Required work:
The records below must be transcribed exactly. Do not include the pictures.

═════ Records for this task

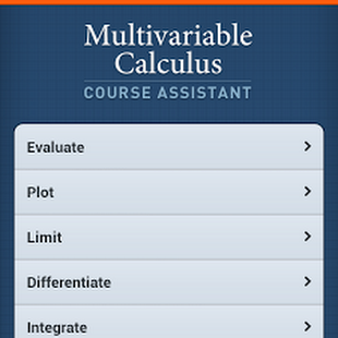 Taking multivariable calculus? Then you need the Wolfram Multivariable Calculus Course Assistant. This definitive app for multivariable calculus—from the world leader in math software—will help you work through your homework problems, ace your tests, and learn calculus concepts. Forget canned examples! The Wolfram Multivariable Calculus Course Assistant solves your specific multivariable problems on the fly, providing step-by-step guidance for limits, derivatives, integrals, and much more.
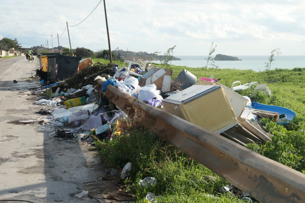 Van Trapani fietsen we naar Mazara langs de kust over stille olijfweggetjes met de onvermijdelijke rommel.
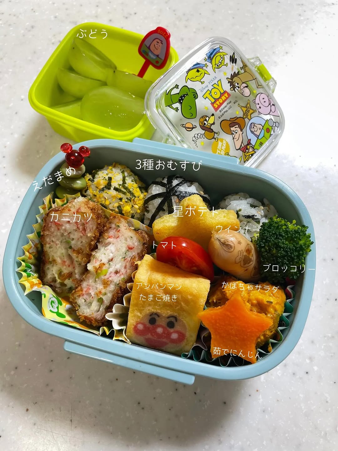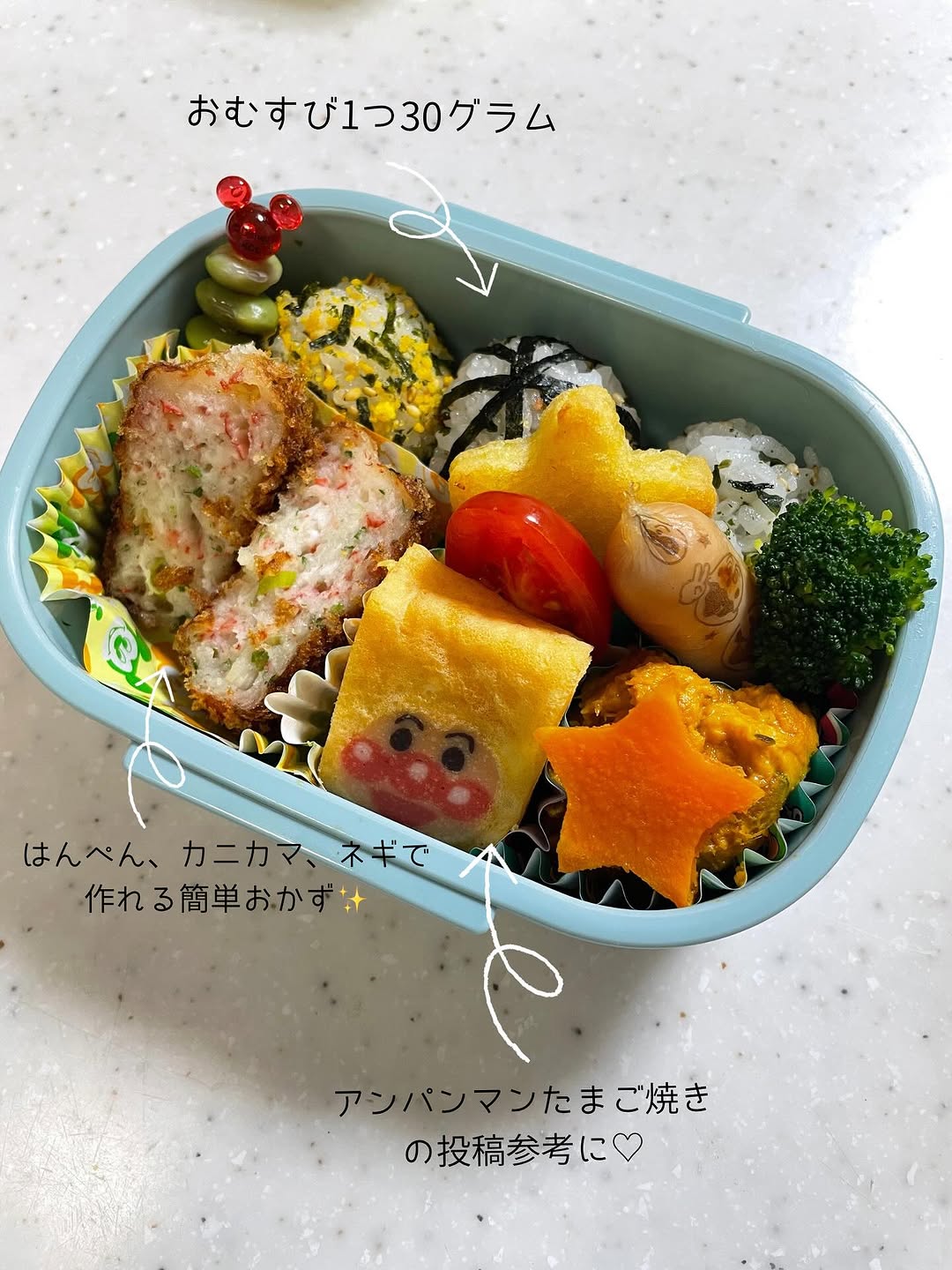. 𓅯 ⸒⸒ 幼児食記録 ▶︎▷ 3y10m ◁◀︎ . . . ᝰ✍︎꙳⋆ ┈┈┈┈┈┈┈┈┈┈┈┈ . 過去レシピは #omiレシピ にきろくᝰ✍︎꙳⋆ . 坊っちゃんおべんとうの日👦🏻 . ぜーんぜんメニューも案も浮かばず🥺 とりあえず本人ご要望、小さいおむすびに🍙 . まだアンパンマン好きな坊っちゃん👦🏻 いよいよアンパンマンブームも終わりそうなので たまご焼きとウインナーにアンパンマン🎖️ . 久しぶりにアンパンマンたまご焼き作ったけど 簡単きゃわいい、さいこう🥺 . メインのおかずはカニカツ🦀 . はんぺん、かにかま、ネギ、牛乳、片栗粉 ブンブンチョッパーして丸めてパン粉つけて 揚げるだけ☺️🤍 . ミートボール続きだったけん、魚系に🐟 . 帰って、 ぜーーんぶ食べた!ママ!ありがとう😚 って言ってくれる坊っちゃん。 . 推し活がとまらん。← . . 秋を探しにみんなでお出かけして楽しかったみたい☺️ . 夜はぐっすり 1人でベッドに行って1人ですんなり寝てました🤣❤️ . #初産#1月生まれ#男の子ママ#第1子#記録用_omi#育児記録#新米ママ#広島ママ友達募集中#令和4年ベビー#3歳児ごはん#ワンオペ育児#ワンオペ育児ママ#ママが楽する#幼児食記録#ズボラ幼児食#幼児食#幼児食献立#ワーママ幼児食#幼児食と大人ごはん#親子ごはんの悩みサポート#幼児弁当#お弁当#親子ごはん
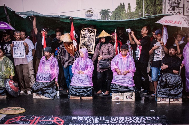 Throughout the documentary there is footage of intimidation of protesters by the police, army, thugs, and village government officials, ranging from veiled accusations of communism to the real threats of kidnapping and physical violence. The documentary ends with drone footage of a procession of women, men and children carrying an Indonesian flag and a ‘Reject the cement factories in Java’ sign through the rice fields, suggesting that despite these challenges the female-led movement is there to stay.
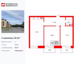 Удобная, классическая планировка. Общая площадь квартиры - 68.5 м², высота потолка 2.58 м.
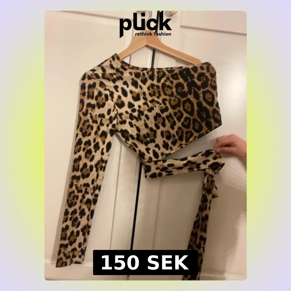 Trendig leopardmönstrad omlottopp med ett snett skuren hals och en arm och knytning i midjan super söt topp storlek m men passar som s
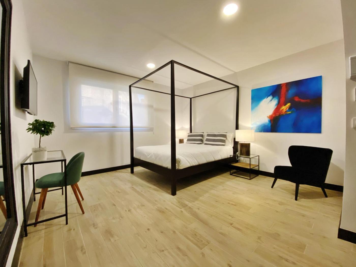 Habitación Doble Deluxe. The double room features a sofa, a tiled floor, as well as a private bathroom featuring a walk-in shower and a hairdryer. The air-conditioned double room provides a flat-screen TV with streaming services, soundproof walls, a seating area, a wardrobe as well as a quiet street view. The unit offers 1 bed. ;
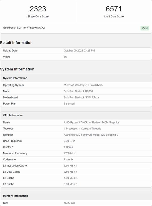 仅从参数而言,锐龙3 7440U的性能就不会差,甚至可以说是目前入门级移动端处理器中排名前列的存在。在GeekBench 6的测试中,锐龙3 7440U的单核性能得分为2323,多核性能得分为6571。
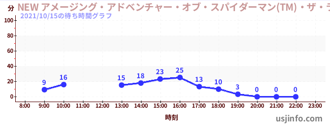 • NEW アメージング・アドベンチャー・オブ・スパイダーマン(TM)・ザ・ライド 4K3D$B$N(B2021年10月15日の待ち時間

══════════

Solved problem:
 Taking multivariable calculus? Then you need the Wolfram Multivariable Calculus Course Assistant. This definitive app for multivariable calculus—from the world leader in math software—will help you work through your homework problems, ace your tests, and learn calculus concepts. Forget canned examples! The Wolfram Multivariable Calculus Course Assistant solves your specific multivariable problems on the fly, providing step-by-step guidance for limits, derivatives, integrals, and much more.
 Van Trapani fietsen we naar Mazara langs de kust over stille olijfweggetjes met de onvermijdelijke rommel.
. 𓅯 ⸒⸒ 幼児食記録 ▶︎▷ 3y10m ◁◀︎ . . . ᝰ✍︎꙳⋆ ┈┈┈┈┈┈┈┈┈┈┈┈ . 過去レシピは #omiレシピ にきろくᝰ✍︎꙳⋆ . 坊っちゃんおべんとうの日👦🏻 . ぜーんぜんメニューも案も浮かばず🥺 とりあえず本人ご要望、小さいおむすびに🍙 . まだアンパンマン好きな坊っちゃん👦🏻 いよいよアンパンマンブームも終わりそうなので たまご焼きとウインナーにアンパンマン🎖️ . 久しぶりにアンパンマンたまご焼き作ったけど 簡単きゃわいい、さいこう🥺 . メインのおかずはカニカツ🦀 . はんぺん、かにかま、ネギ、牛乳、片栗粉 ブンブンチョッパーして丸めてパン粉つけて 揚げるだけ☺️🤍 . ミートボール続きだったけん、魚系に🐟 . 帰って、 ぜーーんぶ食べた!ママ!ありがとう😚 って言ってくれる坊っちゃん。 . 推し活がとまらん。← . . 秋を探しにみんなでお出かけして楽しかったみたい☺️ . 夜はぐっすり 1人でベッドに行って1人ですんなり寝てました🤣❤️ . #初産#1月生まれ#男の子ママ#第1子#記録用_omi#育児記録#新米ママ#広島ママ友達募集中#令和4年ベビー#3歳児ごはん#ワンオペ育児#ワンオペ育児ママ#ママが楽する#幼児食記録#ズボラ幼児食#幼児食#幼児食献立#ワーママ幼児食#幼児食と大人ごはん#親子ごはんの悩みサポート#幼児弁当#お弁当#親子ごはん
 Throughout the documentary there is footage of intimidation of protesters by the police, army, thugs, and village government officials, ranging from veiled accusations of communism to the real threats of kidnapping and physical violence. The documentary ends with drone footage of a procession of women, men and children carrying an Indonesian flag and a ‘Reject the cement factories in Java’ sign through the rice fields, suggesting that despite these challenges the female-led movement is there to stay.
 Удобная, классическая планировка. Общая площадь квартиры - 68.5 м², высота потолка 2.58 м.
 Trendig leopardmönstrad omlottopp med ett snett skuren hals och en arm och knytning i midjan super söt topp storlek m men passar som s
 Habitación Doble Deluxe. The double room features a sofa, a tiled floor, as well as a private bathroom featuring a walk-in shower and a hairdryer. The air-conditioned double room provides a flat-screen TV with streaming services, soundproof walls, a seating area, a wardrobe as well as a quiet street view. The unit offers 1 bed. ;
 仅从参数而言,锐龙3 7440U的性能就不会差,甚至可以说是目前入门级移动端处理器中排名前列的存在。在GeekBench 6的测试中,锐龙3 7440U的单核性能得分为2323,多核性能得分为6571。
 • NEW アメージング・アドベンチャー・オブ・スパイダーマン(TM)・ザ・ライド 4K3D$B$N(B2021年10月15日の待ち時間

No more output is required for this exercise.